- **Problem requirements**:
The following data needs to be repeated exactly, with all images excluded.

- **Dataset section**:
/---
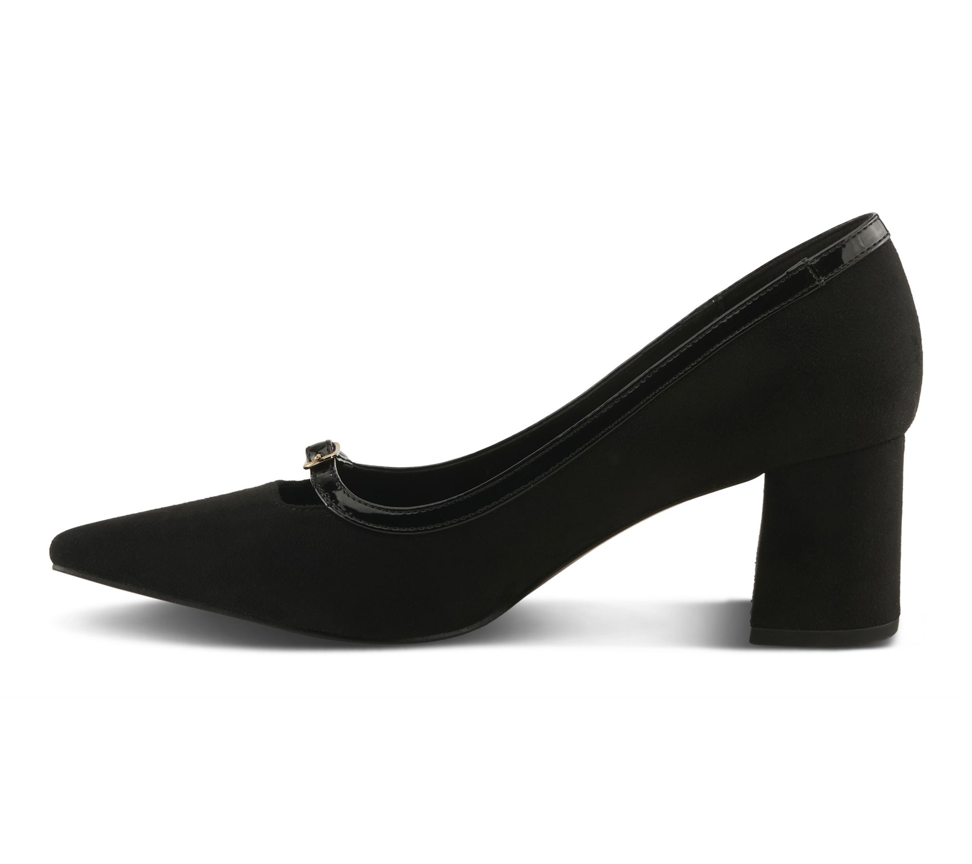 Turn heads wherever your day takes you in these block heel pumps, featuring glossy patent trim and an elegant buckle detail. The pointed toe adds a sharp, modern finish while the cushioned insole keeps you comfortable from early meetings to evening plans. From Patrizia by Spring Step.
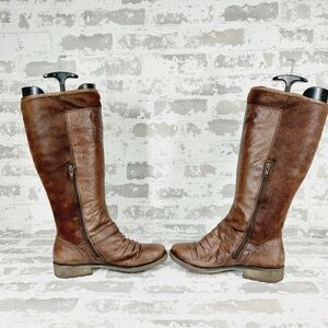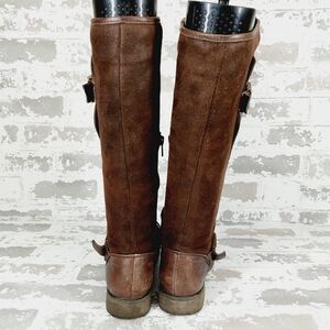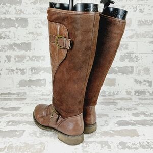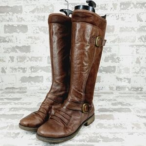 BareTraps Women's Saydo Brown Leather Buckle Knee High Boots T360
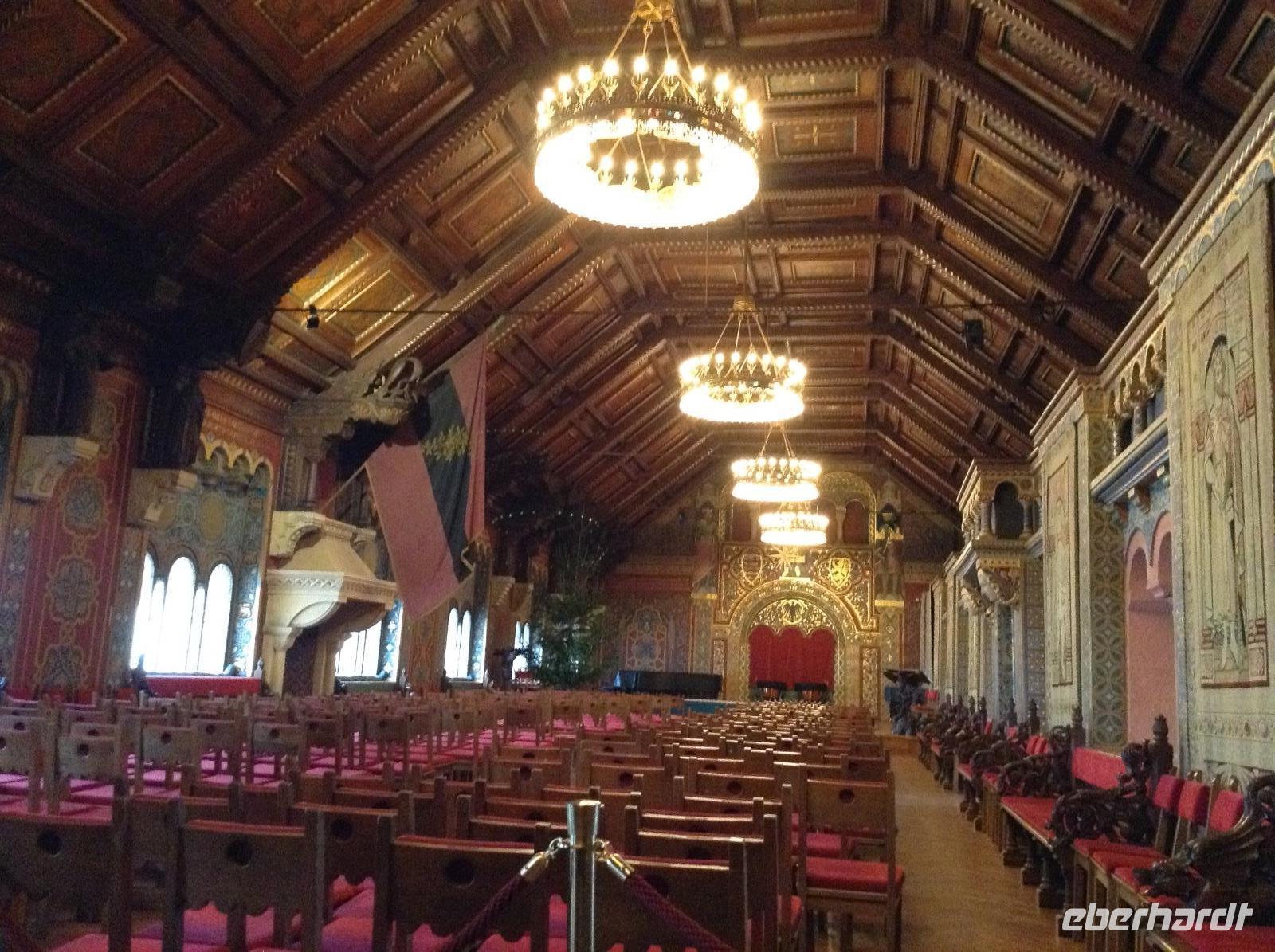 Auch am Silvestermorgen war es eher grau und nieselig, die Wolken hingen tief und auf unserer Fahrt über die Autobahn nach Eisenach waren kaum die drei Gleichen zu erkennen. Unser Bus brachte uns zunächst zum Busparkplatz unterhalb der Wartburg. Zu Fuß oder mit einem Shuttle-Service nahmen wir den kurzen Aufstieg zur Burg und versammelten uns im Burginnenhof. Eine Führung war bestellt und begann auch ganz pünktlich. Wir betraten die geschichtsträchtigen alten Räume der Burganlage und fühlten uns um Jahrhunderte zurückversetzt. Ein junger Gästeführer zeigte uns die altehrwürdigen Räume und erzählte so manche interessante Geschichte über die Burg, ihre Besitzer und die geschichtliche Bedeutung. Später war noch etwas freie Zeit, um sich die Lutherstube und das Museum anzusehen, bevor es gegen Mittag zurück zum Busparkplatz ging. Unser Bus brachte uns hinunter in das Stadtzentrum von Eisenach. Wir hielten direkt am Bachhaus und starteten von da aus unseren Bummel durch die Altstadt, zum Lutherhaus, zum Marktplatz mit der St. Georgenkirche und dem Stadtschloss. Am frühen Nachmittag fuhren wir zurück zum Hotel und bereiteten uns auf den krönenden Abschluß dieses Jahres vor - die Silvesterfeier.
\---
- **Result below**:
 Turn heads wherever your day takes you in these block heel pumps, featuring glossy patent trim and an elegant buckle detail. The pointed toe adds a sharp, modern finish while the cushioned insole keeps you comfortable from early meetings to evening plans. From Patrizia by Spring Step.
 BareTraps Women's Saydo Brown Leather Buckle Knee High Boots T360
 Auch am Silvestermorgen war es eher grau und nieselig, die Wolken hingen tief und auf unserer Fahrt über die Autobahn nach Eisenach waren kaum die drei Gleichen zu erkennen. Unser Bus brachte uns zunächst zum Busparkplatz unterhalb der Wartburg. Zu Fuß oder mit einem Shuttle-Service nahmen wir den kurzen Aufstieg zur Burg und versammelten uns im Burginnenhof. Eine Führung war bestellt und begann auch ganz pünktlich. Wir betraten die geschichtsträchtigen alten Räume der Burganlage und fühlten uns um Jahrhunderte zurückversetzt. Ein junger Gästeführer zeigte uns die altehrwürdigen Räume und erzählte so manche interessante Geschichte über die Burg, ihre Besitzer und die geschichtliche Bedeutung. Später war noch etwas freie Zeit, um sich die Lutherstube und das Museum anzusehen, bevor es gegen Mittag zurück zum Busparkplatz ging. Unser Bus brachte uns hinunter in das Stadtzentrum von Eisenach. Wir hielten direkt am Bachhaus und starteten von da aus unseren Bummel durch die Altstadt, zum Lutherhaus, zum Marktplatz mit der St. Georgenkirche und dem Stadtschloss. Am frühen Nachmittag fuhren wir zurück zum Hotel und bereiteten uns auf den krönenden Abschluß dieses Jahres vor - die Silvesterfeier.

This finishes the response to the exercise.